=== What you should do ===
Your answer must consist of exactly the lines below, starting with the line with "The first coin" and going on through the line with "Наразі найбільша кількість", and nothing else.

=== Record extracts ===
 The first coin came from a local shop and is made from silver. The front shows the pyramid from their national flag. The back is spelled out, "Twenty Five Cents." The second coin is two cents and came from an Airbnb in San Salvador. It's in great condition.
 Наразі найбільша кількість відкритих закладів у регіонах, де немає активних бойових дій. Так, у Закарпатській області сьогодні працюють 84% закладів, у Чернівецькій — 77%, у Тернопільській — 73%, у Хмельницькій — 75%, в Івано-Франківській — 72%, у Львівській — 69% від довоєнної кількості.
* * *
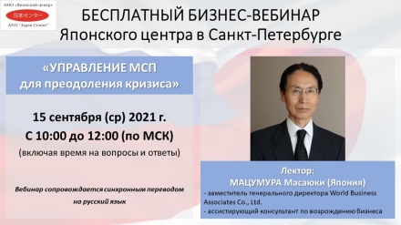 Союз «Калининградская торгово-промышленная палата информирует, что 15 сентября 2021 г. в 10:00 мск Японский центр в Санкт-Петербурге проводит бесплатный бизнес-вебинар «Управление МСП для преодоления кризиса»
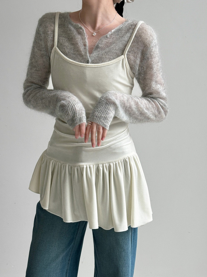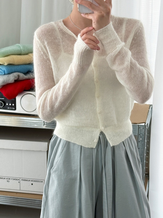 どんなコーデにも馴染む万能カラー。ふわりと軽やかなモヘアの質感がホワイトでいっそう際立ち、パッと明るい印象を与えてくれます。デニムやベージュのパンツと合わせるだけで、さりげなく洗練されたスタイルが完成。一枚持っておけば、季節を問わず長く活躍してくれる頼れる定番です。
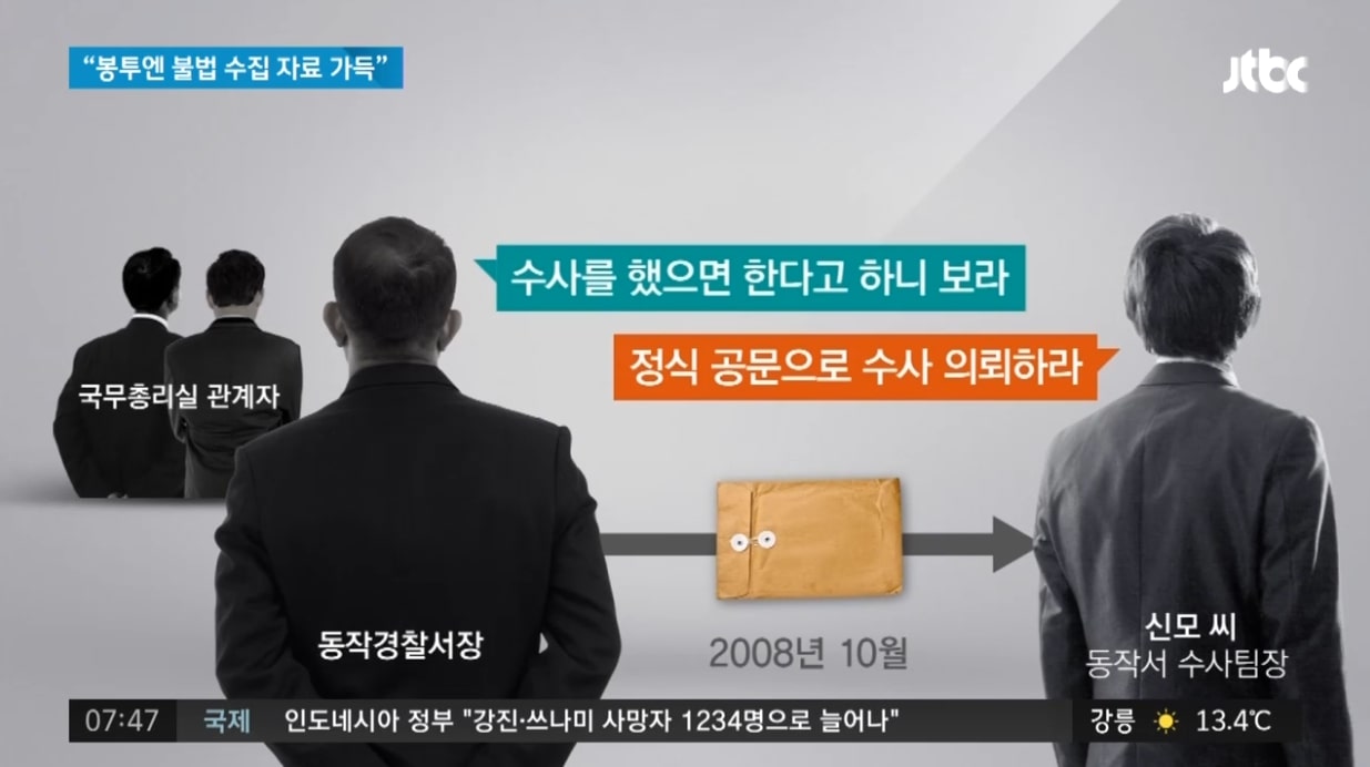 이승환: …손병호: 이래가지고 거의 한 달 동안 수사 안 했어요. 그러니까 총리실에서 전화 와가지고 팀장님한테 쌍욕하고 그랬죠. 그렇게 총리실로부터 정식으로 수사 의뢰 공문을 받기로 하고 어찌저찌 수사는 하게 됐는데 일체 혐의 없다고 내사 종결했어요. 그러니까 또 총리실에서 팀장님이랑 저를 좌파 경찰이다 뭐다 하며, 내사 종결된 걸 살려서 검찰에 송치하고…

=== Completed task ===
 The first coin came from a local shop and is made from silver. The front shows the pyramid from their national flag. The back is spelled out, "Twenty Five Cents." The second coin is two cents and came from an Airbnb in San Salvador. It's in great condition.
 Наразі найбільша кількість відкритих закладів у регіонах, де немає активних бойових дій. Так, у Закарпатській області сьогодні працюють 84% закладів, у Чернівецькій — 77%, у Тернопільській — 73%, у Хмельницькій — 75%, в Івано-Франківській — 72%, у Львівській — 69% від довоєнної кількості.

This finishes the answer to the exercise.